REGION

Fleurieu Peninsula

The Fleurieu Peninsula is 60km’s south of Adelaide’s CBD.  Hindmarsh Tiers, our location, is approximately fifteen minutes to the East of the Fluerieu coastline which offers expansive beaches like Myponga, Sellicks and Aldinga.

 

Other coastal features are rugged cliff scapes, sheltered coves for year round plus activities such as fishing, surfing, scuba diving, snorkelling, sailing, swimming and winter whale watching.  Twenty minutes further south of Hindmarsh Tiers is Victor Harbour which is known as one of South Australia’s premier tourist destinations.

 

The early history and heritage of the Fleurieu Peninsula, during the 1800’s, are connected with the exploration movements of both the British and French via explorers Matthew Flinders followed by the Nicolas Baudin.

 

Flinders, on the ship Investigator, after leaving Kangaroo Island, was keen to discover more about the mainland coast.
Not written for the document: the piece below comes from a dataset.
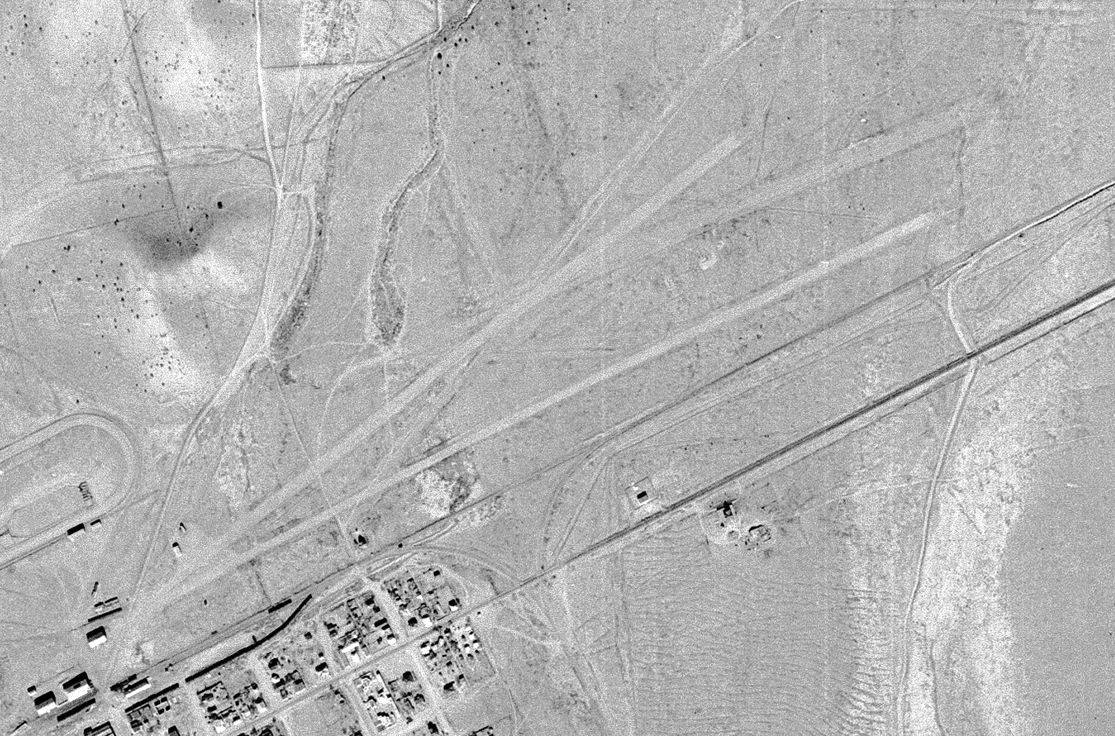 It depicted 3 unpaved runways, with some small buildings on the southwest side.

Baudin, coming from the west, on the ship Le Geographe, was equally as determined The meeting of these two vessels, and their Captains, was the reason behind the name of Encounter Bay.

 

In the very early years whaling and sealing vessels worked the coastline but it wasn’t until the early 1830s that colonisation emerged when the Directors of the South Australian Company planned a project of British colonisation.

 

By the 1840’s, whaling had spread around the foot of the Peninsula and Cape Jervis which operated for four months during the winter season, procuring on average about 150 tons of black oil and whalebone.  Around this time early SA settlers began actively exploring the Fleurieu Peninsula .

 

Within two decades many enterprises were established and towns of considerable dimensions appeared.   Settlers planted the district’s first grape vines which was the beginning of today’s modern vineyard and wine industry.

 

In 1852 Port Elliot had its first hotel erected, a police station in 1853, a jetty and church in 1854, a courthouse in 1855 and post office in 1858. Settlers erected substantial houses and the first school opened in 1856. The surrounding valleys were encroached upon by settlers seeking to win the land for their livestock.

 

At Rapid Bay extensive loads of copper and lead were discovered and Robert Norman, an Adelaide dentist, proposed to form a township with a church, blacksmith’s shop and hotel that he named Normanville.  With the construction of jetty’s at Normanville and Myponga, coastal shipping expanded as did agricultural production.

 

The building of many hotels was another sign of a flourishing district and extensive growth in its settlements prompted schools, mills, houses, government offices which were all signs of prosperity.  It was considered that by 1860’s, the course of settlement on the Fleurieu Peninsula had proceeded within a relatively ordered framework.